Ada yang lebih menarik dari mereka, mungkin diantara mereka ada yang mempunyai darah bisnis mengalir ditubuhnya, sampai sampai mulai dari tahun 2006 produksi album batak mereka lakukan atas prakarsa sendiri, maksudnya mereka mau berkorban untuk menyisipkan penghasilan mereka selama bernyanyi di cafe cafe (honor, saweran, tips), mereka tumpahkan untuk modal produksi sendiri, sampai saat ini mereka telah berhasil meproduksi sendiri sebanyak 2 album, Fantastis!!.

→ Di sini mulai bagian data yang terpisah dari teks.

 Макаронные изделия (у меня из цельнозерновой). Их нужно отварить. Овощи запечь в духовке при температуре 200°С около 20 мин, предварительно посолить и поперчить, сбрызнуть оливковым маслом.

Kelihaian mereka untuk mendekati artis senior pantas untuk dipelajari, pada tahun 2006 mereka mampu membujuk Charles Simbolon dan Rani Simbolon untuk ikut sebagai bintang tamu pada album mereka, sekaligus untuk membawakan lagu yang khusus diperuntukkan kepada salah satu orang batak kaya yang ada di Pekanbaru, siapa lagi kalau bukan Pak Hutahaean. Tapi sebaiknya mereka menghindari pembuatan album seperti ini jika ingin nama mereka lebih profesional.

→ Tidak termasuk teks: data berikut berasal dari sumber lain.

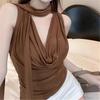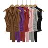 Colete Sem Mangas com Gola Balanço para Mulheres 2024 Verão Novo Estilo Europeu e Americano Slim Plissado Ajustado Top com Cadarço

Seperti yang saya jelaskan diatas, Trio ini adalah salah satu peserta kompetisi dengan trio trio lainnya untuk mencapai titik puncak kejayaan, itupun dengan syarat… apabila mereka sadar kelemahan kelemahan yang mereka miliki sekarang.
Penyanyi, Produser dan Distributor… adalah pekerjaan baru mereka, tapi jangan lupa bahwa sebenarnya jauh lebih penting bagaimana mereka membangun kepercayaan pasar dengan olah vocal yang sempurna. Hal yang sangat langka terjadi bisa sukses untuk menjalani ke tiga profesi itu.
Marsada Sada Bulung
Nungnga pasigat sigat bulung gaol
Manang mangarukkari sidingolon
Ma ho nian ale daborukku
Boru da hasian
Nungnga massai leleng naung marsirang
Jala sinirang ni da hamatean
Alai ikkon saonari ma tarsunggul
Diparmulian mon
Reff.
Alai di ida ho ma au inang
Marsada sada bulung inang mon
Lao mangadopi pesta mi boru
Dipesta pamasu masuon mon
Unang pola sai tangis ho inang
Boru hasian ku
Unang pola sai tangis ho inang
Apusi ilumi
………………
hm…….. lagu yang sedih dibawakan dengan sempurna oleh Rita Butarbutar, lagu ini karya cipta Johny S. Manurung dan dipopulerkan tahun 1995.